Provide Feedback (Simple)

  1. Click on Issues in the top toolbar here on Github
  2. Click on the green button New issue to open a new issue
  3. Report errors or issues, provide feedback, or simply ask questions
  4. Submit the issue by clicking Submit new issue

Participate (Advanced)

  1. Fork the repository to your own Github account
  2. Create a new branch from develop.
  3. Make changes to the model
    • cobrapy is highly recommended for making changes
    • Make a Pull Request to the devel branch, including changed txt, yml and xml files

Complementary Scripts

  • 1. MappingMNXtoBIGG.ipynb: Maps metabolite and reaction IDs from the MetaNetX namespace to the BiGG namespace semi-automatically using both the ver 1.0 as well as the ver 2.0 mapping dumps from MetaNetX. Moreover removes all formulas that contained brackets. Adds EC numbers based on MetaNetX reaction properties dump (MNXref Version 2015/09/03) and KEGG subsystem information.

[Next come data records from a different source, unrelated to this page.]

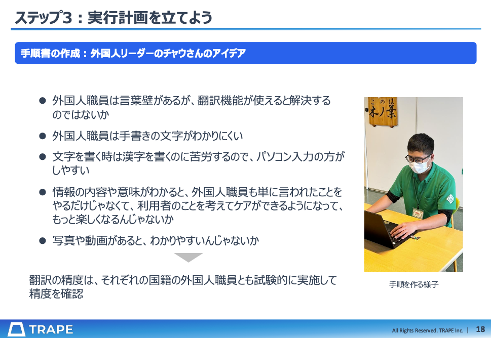 外国人職員がケアの意味を理解し、自信を持って業務に取り組めるようになった
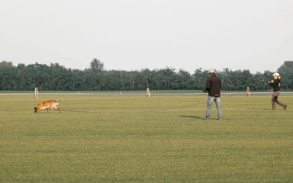 Tracking Line: The handler stays at the end of a 33ft tracking line, guiding the dog through the track.
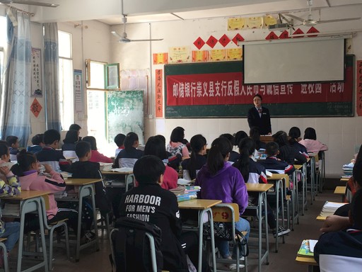 揚眉鎮支行員工進校園為學子送去金融知識。
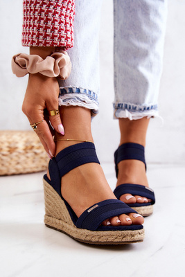 Dámske sandále na klinách veľká hviezda JJ274938 NAVY BLUE

  • 2. Curation of the Energy Metabolism.ipynb: Curates reactions involved in methane membrane diffusion and oxidation, and the respiratory chain.

  • 3. Fixes to enable growth on Methane!.ipynb: Curates unbalanced and inverted reactions. Adds diffusion reactions for water and oxygen. Gapfilling of amino acid biosynthesis reactions, whenever most of the genes of the corresponding pathway were present. Partially removes entities with MNX IDs that cannot be mapped.

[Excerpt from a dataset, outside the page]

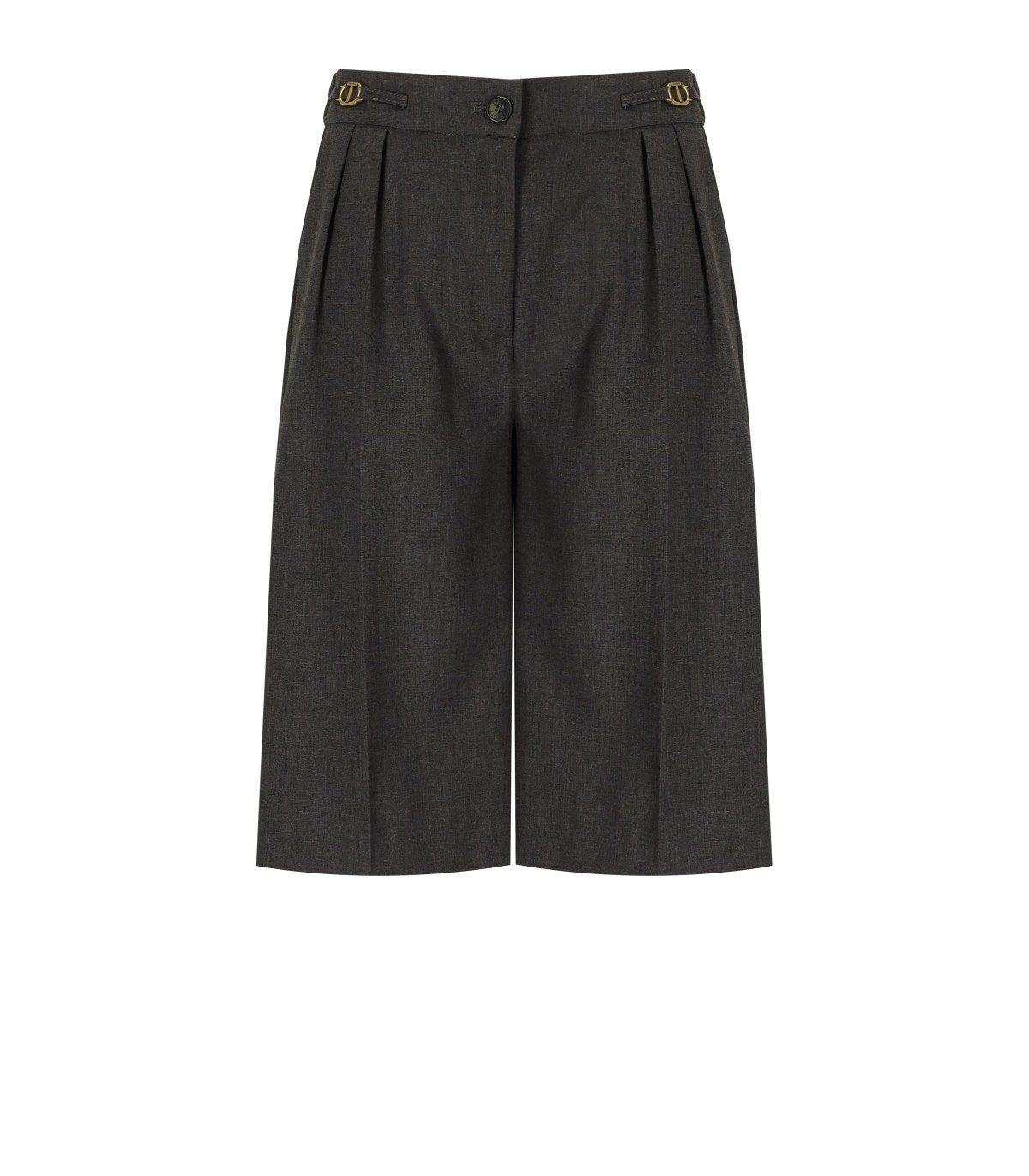 Twinset Bermuda shorts made from anthracite grey viscose blend. Featuring a gathered, elasticated waistband at the back, zip and button closure, and French pockets at the sides. Pressed crease at the front. Logo buckles at the waist. Relaxed fit.

  • 4. Full-Scale Biomass Reaction And Further Corrections.ipynb: Adds a more extensive biomass reaction, and further curates required precursor biosynthesis pathways including CoA & AcCoA, Iron, Even Fatty Acids, Odd Fatty Acids, Cyclopropane Fatty Acids, Ubiquinol, Lanosterol, FAD, FMN, Riboflavin, NAD, NADP, Heme, Glutathione, Cobalt, Cobalamine/ Vitamin B12, Thiamin, Myo-Inositol, Phospholipids (specifically Phosphatidylglycerol, Phosphatidylserine, Phosphatidylethanolamine and Phosphatidylcholine), Cardiolipin, and Peptidoglycan (adapted from the E.coli genome-scale model - iJO1366). Adds NGAM reaction.

  • 5. Close Reaction Balances and Implement N-Assimilation.ipynb: Closes the mass and charge balances of 133 reactions. Curates the Nitrogen metabolism, adds reactions related to the oxidation of ammonia, and adds the reduction of nitrate and nitrite.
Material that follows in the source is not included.